Mais venons-en à des critiques qui me semblent plus importantes. Claude Morilhat me fait un
autre reproche, bien plus grave sur mon « schématisme » et « manque de rigueur » qui deviennent
même « laxisme théorique ». Et tout d’abord sur un problème fondamental pour la pensée
marxiste : le problème de l’Etat. Claude Morilhat me reproche une interprétation
« instrumentale » de l’Etat et même, ce qu’il n’explicite pas mais qui à mon avis se lit en
filigrane, dans son texte, une interprétation opportuniste.

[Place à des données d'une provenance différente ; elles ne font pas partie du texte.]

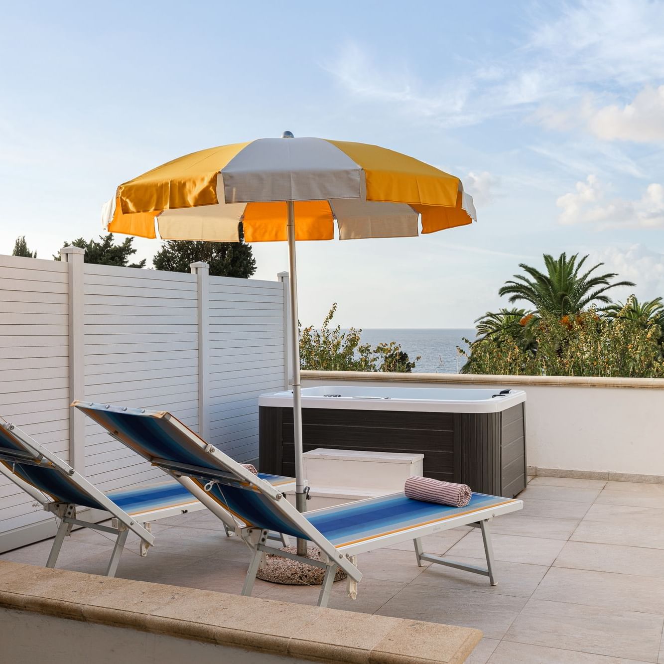 Le camere Premium con vasca idromassaggio sono spaziose e sapientemente ristrutturate e godono di una posizione privilegiata e sono circondate dal giardino botanico. Sono camere confortevoli con arredi moderni e offrono una terrazza privata con divano, ombrellone, 2 lettini e vasca idromassaggio. Tutte le camere dispongono di asciugacapelli, minibar, TV LED 43", aria condizionata, cassaforte e bollitore con una selezione di tè e caffè. Possono ospitare un massimo di 2 adulti e un bambino.
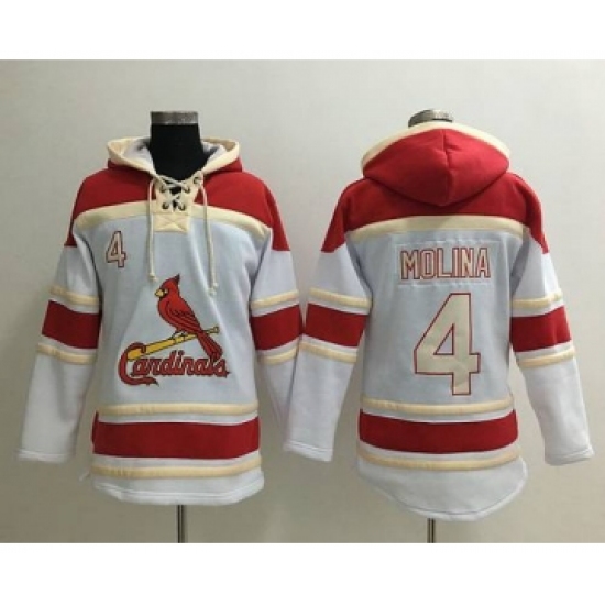 >Men's St. Louis Cardinals #4 Yadier Molina White White Baseball MLB Hoodie
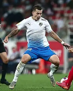 Dmitry Dmitriyevich Vorobyov (Russian: Дми́трий Дми́триевич Воробьёв; born 28 November 1997) is a Russian football player who plays for Lokomotiv Moscow and the Russia national team. He plays as either a centre-forward or a winger.
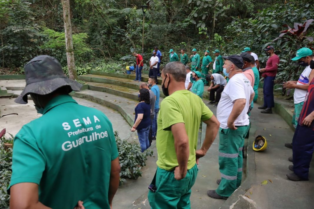 Servidores do setor de poda da Secretaria de Meio Ambiente (Sema) de Guarulhos, cerca de 40 pessoas entre operadores e auxiliares, participaram nesta terça-feira (14) de aula sobre aperfeiçoamento e reciclagem das operações, realizada no Espaço Gilmar Lopes, área interna do Bosque Maia.
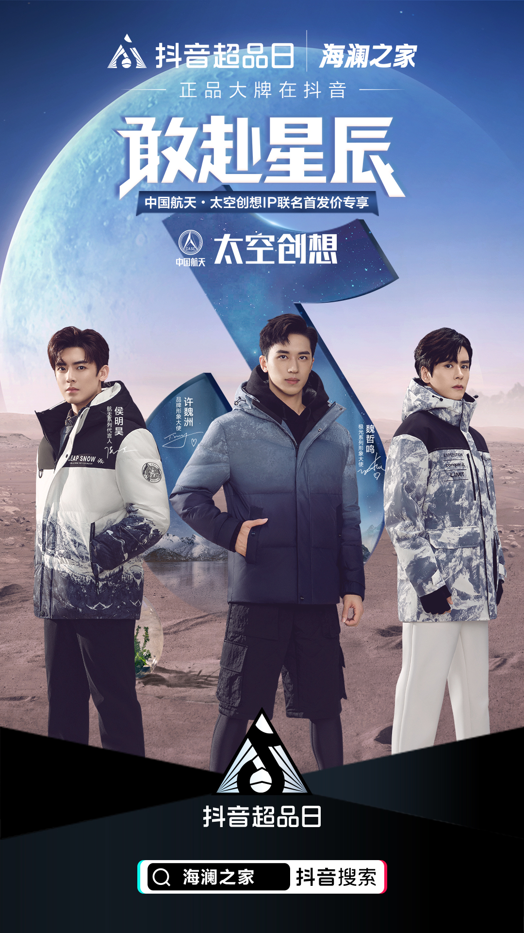 一是体现在创新的营销概念打造上。此次抖音超品日联合海澜之家借势神舟十三号发射成功,顺势而为打造“星辰之子”神秘男团的概念,官宣了三位新生代明星——全新品牌形象大使许魏洲、航天系列代言人侯明昊和极光系列形象大使魏哲鸣,加入海澜之家大家庭;配合代言人明星ID视频和合体官宣视频,进行连续性的预告传播,保证了这场campaign话题走向的持续高能。

J’ai voulu redéfinir le statut théorique de l’Etat. Je crois que c’est une urgence, une priorité
même, car cette notion est devenue une hypostase, qui à la limite devient même mythique. L’Etat
a été substantialisé, réduit à une univocité monolithique. Cette réification a eu deux effets
pervers. D’une part, le blocage de la recherche marxiste, une inhibition devant une notion que
même Marx n’a pas théorisée. Et d’autre part, un usage commun au dogmatisme et au
gauchisme : l’Etat bourgeois purement répressif. L’Etat n’est pas une chose en soi, une bûche,
ou un « monstre froid » mythique . J’ai voulu rendre l’Etat à la dialectique et à l’histoire, pour
débloquer la recherche, lutter contre les déviations et surtout pour permettre à la stratégie
révolutionnaire de « s’articuler » sur l’Etat et même pour proposer les lieux et les moyens des
interventions stratégiques sur une réalité historique que la grande bourgeoisie et le grand
capital ont su, eux, démythifier par son un usage instrumental, opportuniste, hyper-réaliste. En
effet, dans les livres cités par Claude Morilhat tout cela n’est qu’indicatif, allusif même. Je ne
ferai que proposer le schéma de ma recherche aggravant ainsi le reproche de … « schématisme ».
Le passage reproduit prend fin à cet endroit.